Problem: Could you copy the data that follows exactly as written, but drop the pictures?

Supplied data:
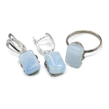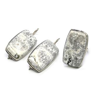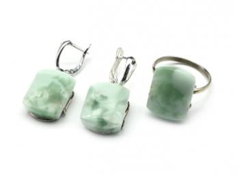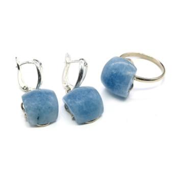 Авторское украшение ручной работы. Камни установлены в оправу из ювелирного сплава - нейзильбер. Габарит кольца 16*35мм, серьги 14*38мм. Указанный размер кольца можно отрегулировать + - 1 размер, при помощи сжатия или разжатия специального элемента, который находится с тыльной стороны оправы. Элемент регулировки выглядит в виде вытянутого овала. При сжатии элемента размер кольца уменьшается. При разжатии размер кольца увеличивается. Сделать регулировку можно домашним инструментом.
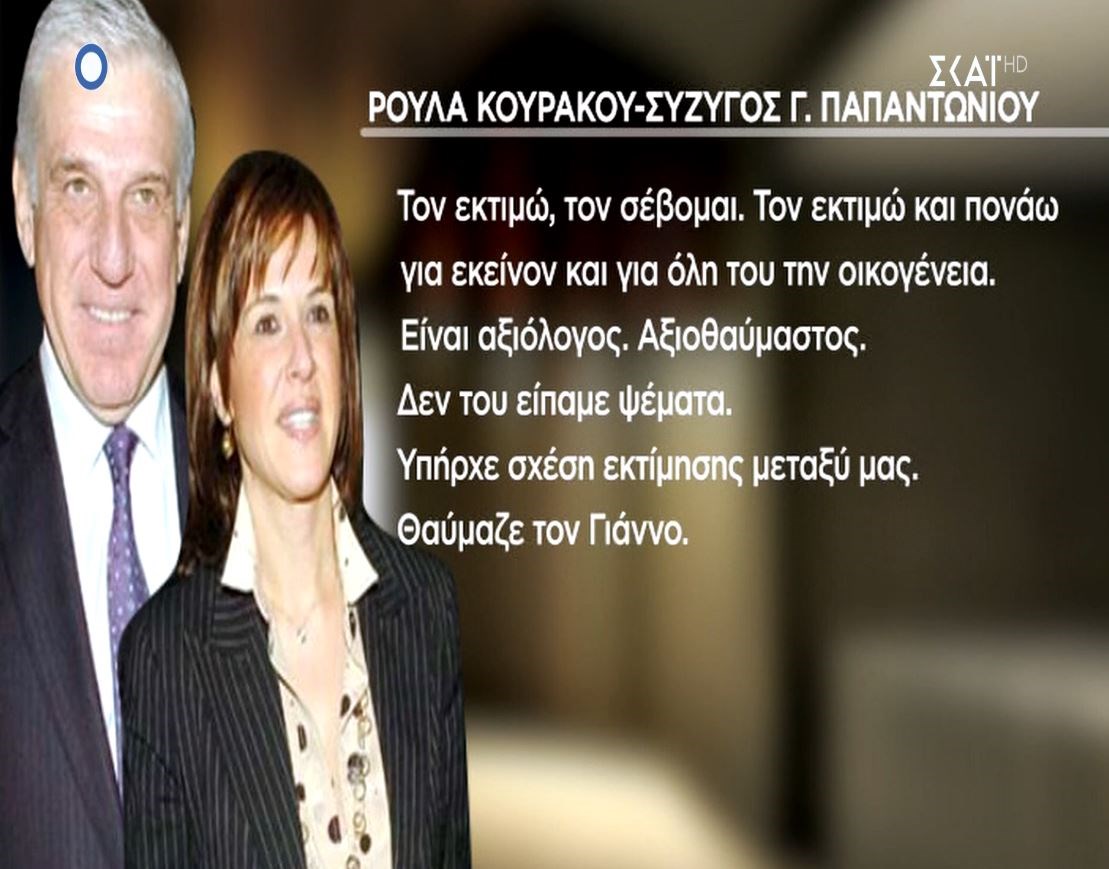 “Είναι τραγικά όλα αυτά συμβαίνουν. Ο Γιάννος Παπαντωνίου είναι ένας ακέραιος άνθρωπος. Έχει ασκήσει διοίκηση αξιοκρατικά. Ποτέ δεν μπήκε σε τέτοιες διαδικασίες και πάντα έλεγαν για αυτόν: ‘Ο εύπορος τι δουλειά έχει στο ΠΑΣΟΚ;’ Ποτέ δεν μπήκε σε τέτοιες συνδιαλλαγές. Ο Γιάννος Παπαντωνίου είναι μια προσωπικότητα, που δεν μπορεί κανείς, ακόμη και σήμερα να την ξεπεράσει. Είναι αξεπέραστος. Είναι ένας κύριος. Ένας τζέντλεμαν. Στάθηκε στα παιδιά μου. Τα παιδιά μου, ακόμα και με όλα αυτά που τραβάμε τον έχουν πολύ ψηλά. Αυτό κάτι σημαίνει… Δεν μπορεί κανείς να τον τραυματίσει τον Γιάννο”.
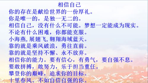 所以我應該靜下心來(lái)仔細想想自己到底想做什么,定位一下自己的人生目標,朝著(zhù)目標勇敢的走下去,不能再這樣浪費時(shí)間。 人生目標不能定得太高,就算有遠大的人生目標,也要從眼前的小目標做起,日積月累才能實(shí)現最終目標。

Solution for this exercise:
 Авторское украшение ручной работы. Камни установлены в оправу из ювелирного сплава - нейзильбер. Габарит кольца 16*35мм, серьги 14*38мм. Указанный размер кольца можно отрегулировать + - 1 размер, при помощи сжатия или разжатия специального элемента, который находится с тыльной стороны оправы. Элемент регулировки выглядит в виде вытянутого овала. При сжатии элемента размер кольца уменьшается. При разжатии размер кольца увеличивается. Сделать регулировку можно домашним инструментом.
 “Είναι τραγικά όλα αυτά συμβαίνουν. Ο Γιάννος Παπαντωνίου είναι ένας ακέραιος άνθρωπος. Έχει ασκήσει διοίκηση αξιοκρατικά. Ποτέ δεν μπήκε σε τέτοιες διαδικασίες και πάντα έλεγαν για αυτόν: ‘Ο εύπορος τι δουλειά έχει στο ΠΑΣΟΚ;’ Ποτέ δεν μπήκε σε τέτοιες συνδιαλλαγές. Ο Γιάννος Παπαντωνίου είναι μια προσωπικότητα, που δεν μπορεί κανείς, ακόμη και σήμερα να την ξεπεράσει. Είναι αξεπέραστος. Είναι ένας κύριος. Ένας τζέντλεμαν. Στάθηκε στα παιδιά μου. Τα παιδιά μου, ακόμα και με όλα αυτά που τραβάμε τον έχουν πολύ ψηλά. Αυτό κάτι σημαίνει… Δεν μπορεί κανείς να τον τραυματίσει τον Γιάννο”.
 所以我應該靜下心來(lái)仔細想想自己到底想做什么,定位一下自己的人生目標,朝著(zhù)目標勇敢的走下去,不能再這樣浪費時(shí)間。 人生目標不能定得太高,就算有遠大的人生目標,也要從眼前的小目標做起,日積月累才能實(shí)現最終目標。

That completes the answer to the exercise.